═════ ENTRIES SHOWN

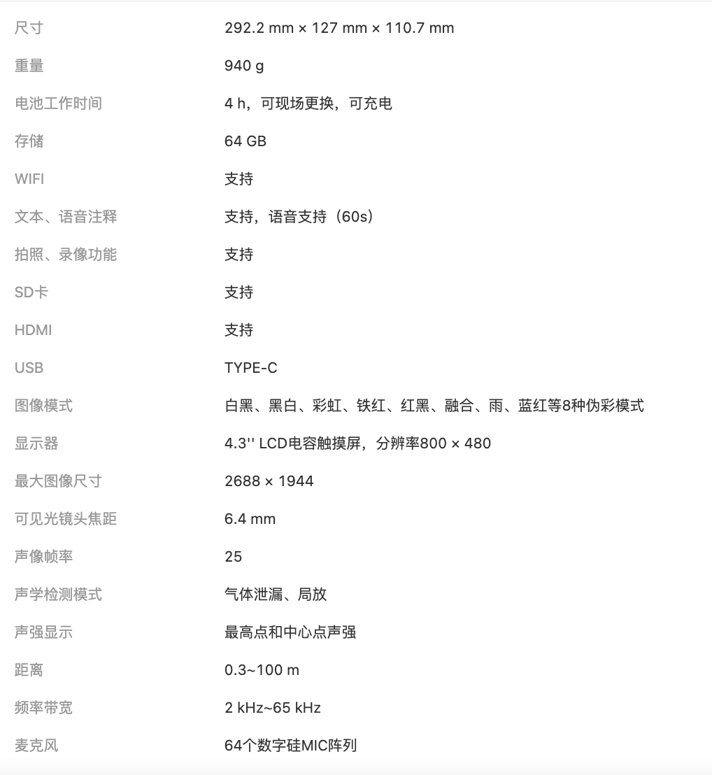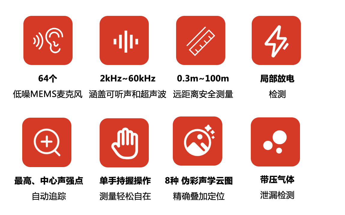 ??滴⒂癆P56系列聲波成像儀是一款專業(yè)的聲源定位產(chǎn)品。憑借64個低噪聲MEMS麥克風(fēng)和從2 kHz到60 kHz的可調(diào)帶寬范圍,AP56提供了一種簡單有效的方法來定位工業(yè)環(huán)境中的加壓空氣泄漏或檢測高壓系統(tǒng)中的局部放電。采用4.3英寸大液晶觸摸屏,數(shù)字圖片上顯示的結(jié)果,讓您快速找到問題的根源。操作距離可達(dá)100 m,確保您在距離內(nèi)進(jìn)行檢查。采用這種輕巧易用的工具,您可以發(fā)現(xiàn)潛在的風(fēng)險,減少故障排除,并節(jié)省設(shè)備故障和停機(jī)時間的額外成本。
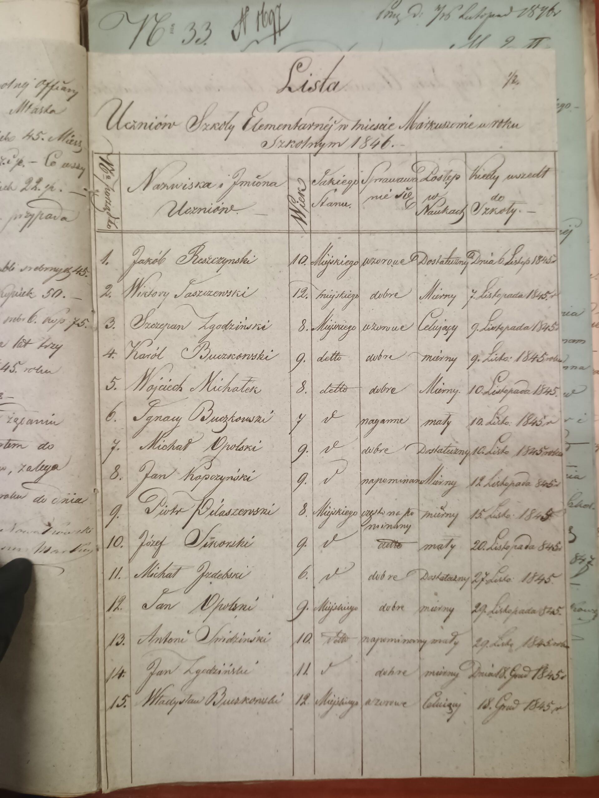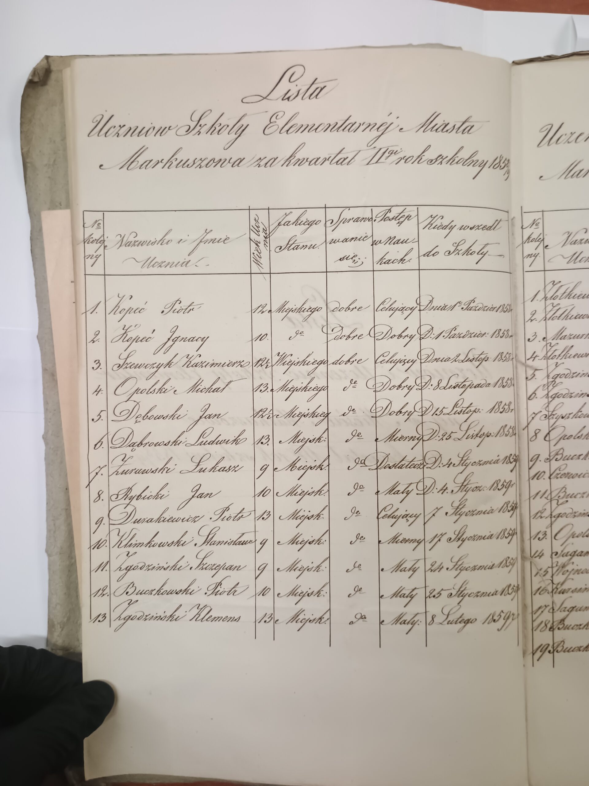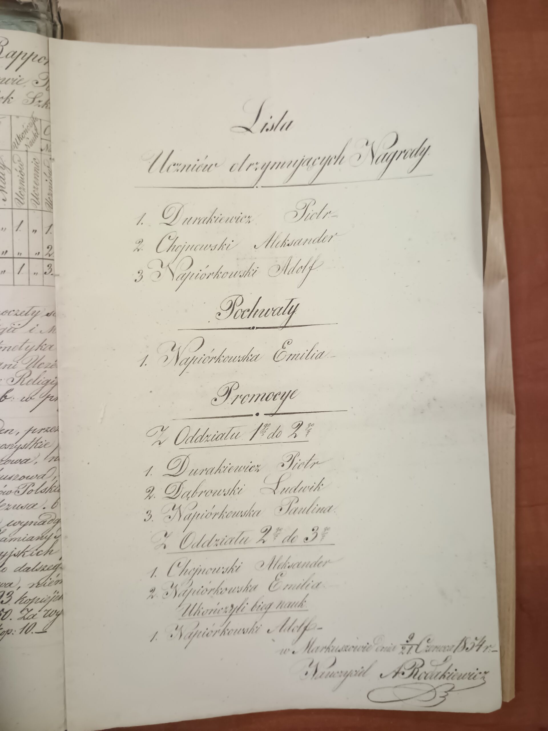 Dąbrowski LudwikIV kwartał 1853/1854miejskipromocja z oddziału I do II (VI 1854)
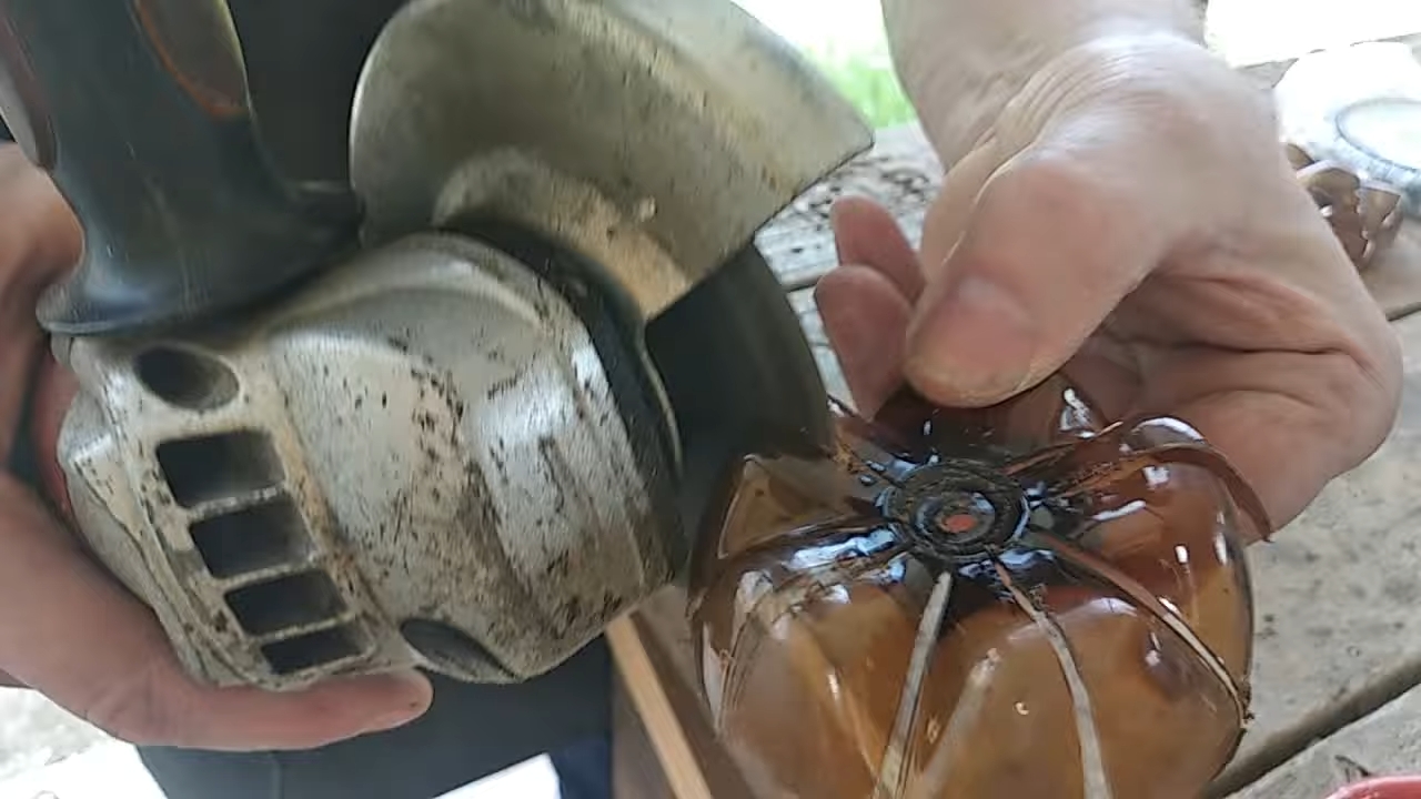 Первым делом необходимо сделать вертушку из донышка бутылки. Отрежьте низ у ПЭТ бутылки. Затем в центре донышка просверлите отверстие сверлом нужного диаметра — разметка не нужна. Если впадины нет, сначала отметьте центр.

══════════
═════ ENTRIES SHOWN

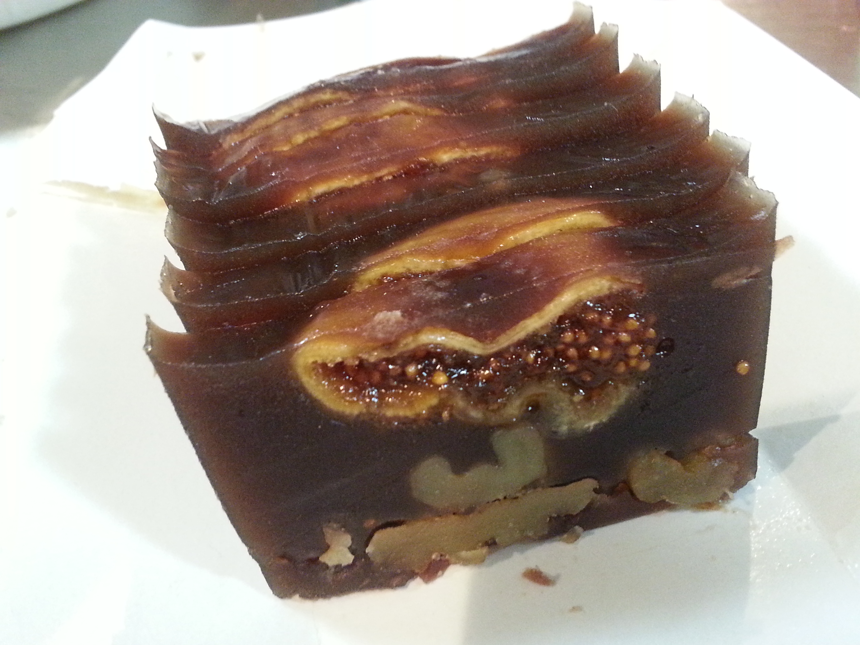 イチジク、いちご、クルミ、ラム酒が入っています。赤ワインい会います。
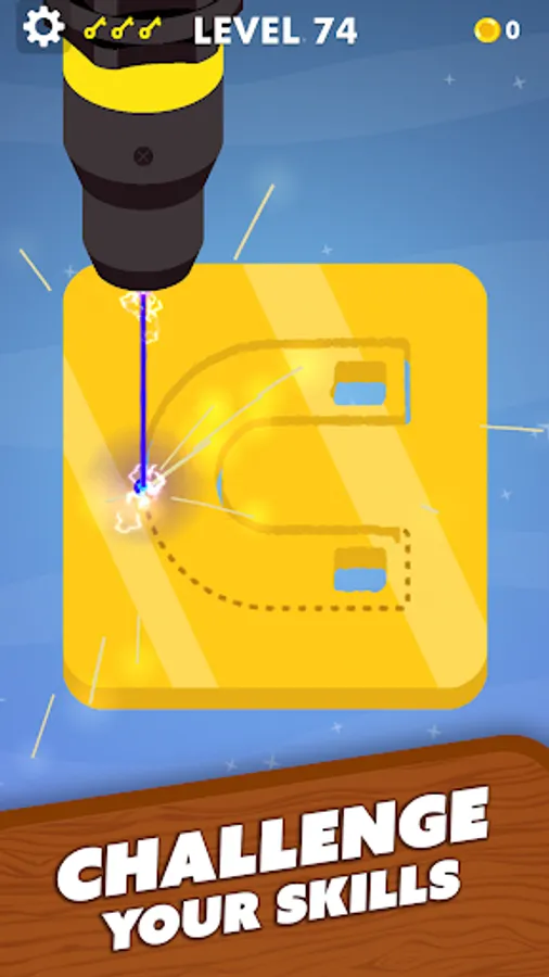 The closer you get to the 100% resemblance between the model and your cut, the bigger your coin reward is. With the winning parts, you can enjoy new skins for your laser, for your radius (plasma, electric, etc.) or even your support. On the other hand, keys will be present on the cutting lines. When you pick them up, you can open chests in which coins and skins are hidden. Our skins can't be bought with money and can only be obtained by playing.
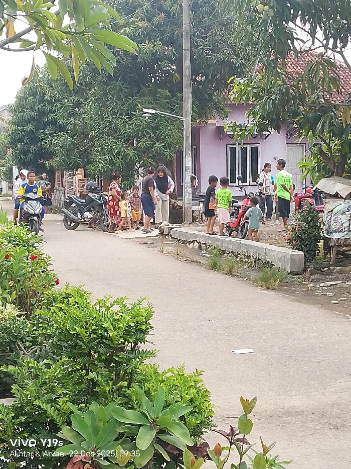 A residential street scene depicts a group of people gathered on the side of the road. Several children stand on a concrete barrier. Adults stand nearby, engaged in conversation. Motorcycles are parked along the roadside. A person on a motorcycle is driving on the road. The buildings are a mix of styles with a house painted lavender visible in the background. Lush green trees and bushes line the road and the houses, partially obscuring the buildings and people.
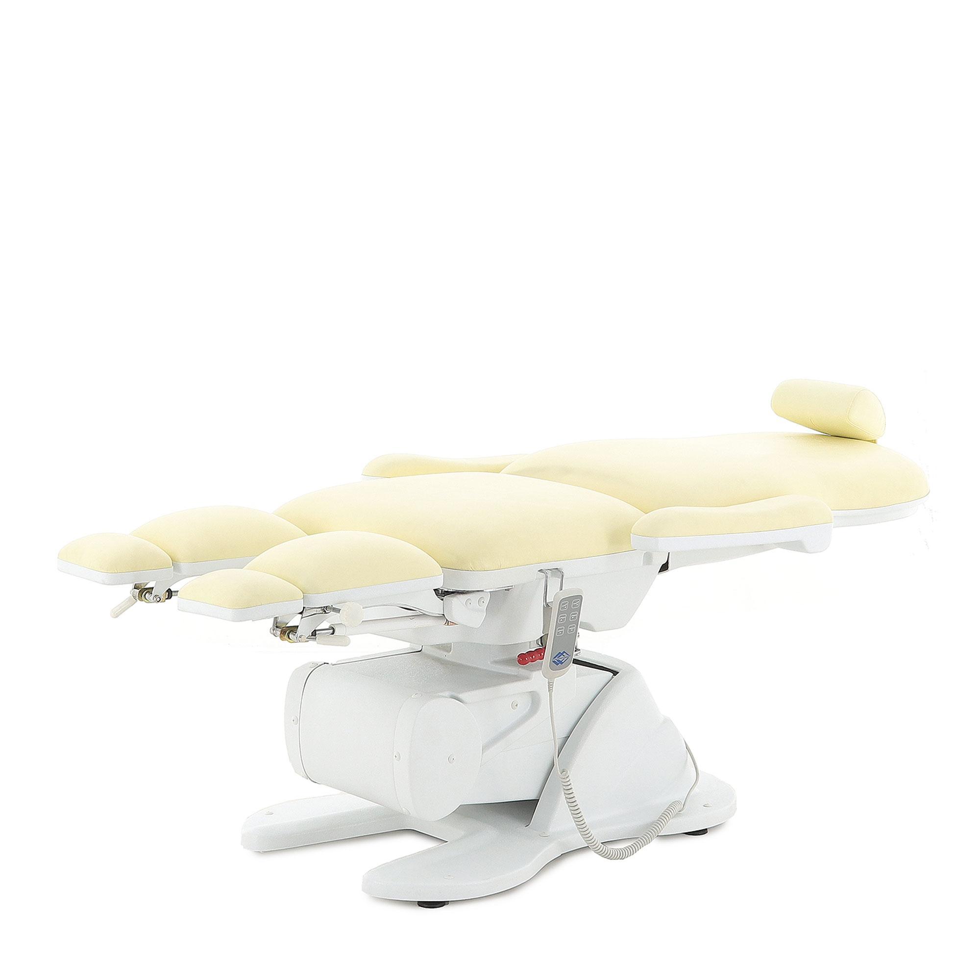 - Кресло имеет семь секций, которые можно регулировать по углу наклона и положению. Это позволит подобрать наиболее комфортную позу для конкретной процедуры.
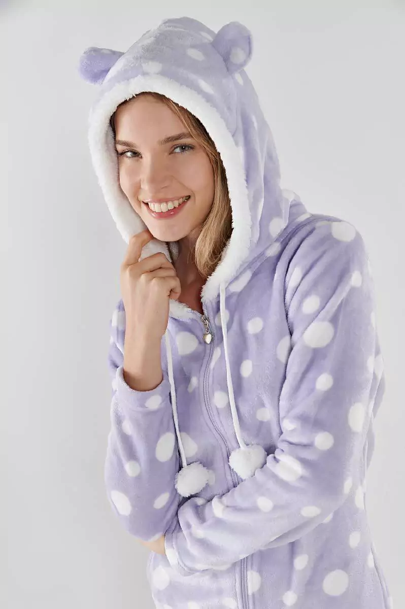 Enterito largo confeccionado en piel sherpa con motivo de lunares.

══════════
═════ ENTRIES SHOWN

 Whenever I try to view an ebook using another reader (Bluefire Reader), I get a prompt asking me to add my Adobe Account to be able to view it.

══════════

EXERCISE AIM ->
Reproduce the data above exactly, but only the lines from the one showing "Dąbrowski LudwikIV kwartał" through the one showing "Первым делом необходимо", with both ends kept and the pictures left out.

TASK RESPONSE ->
 Dąbrowski LudwikIV kwartał 1853/1854miejskipromocja z oddziału I do II (VI 1854)
 Первым делом необходимо сделать вертушку из донышка бутылки. Отрежьте низ у ПЭТ бутылки. Затем в центре донышка просверлите отверстие сверлом нужного диаметра — разметка не нужна. Если впадины нет, сначала отметьте центр.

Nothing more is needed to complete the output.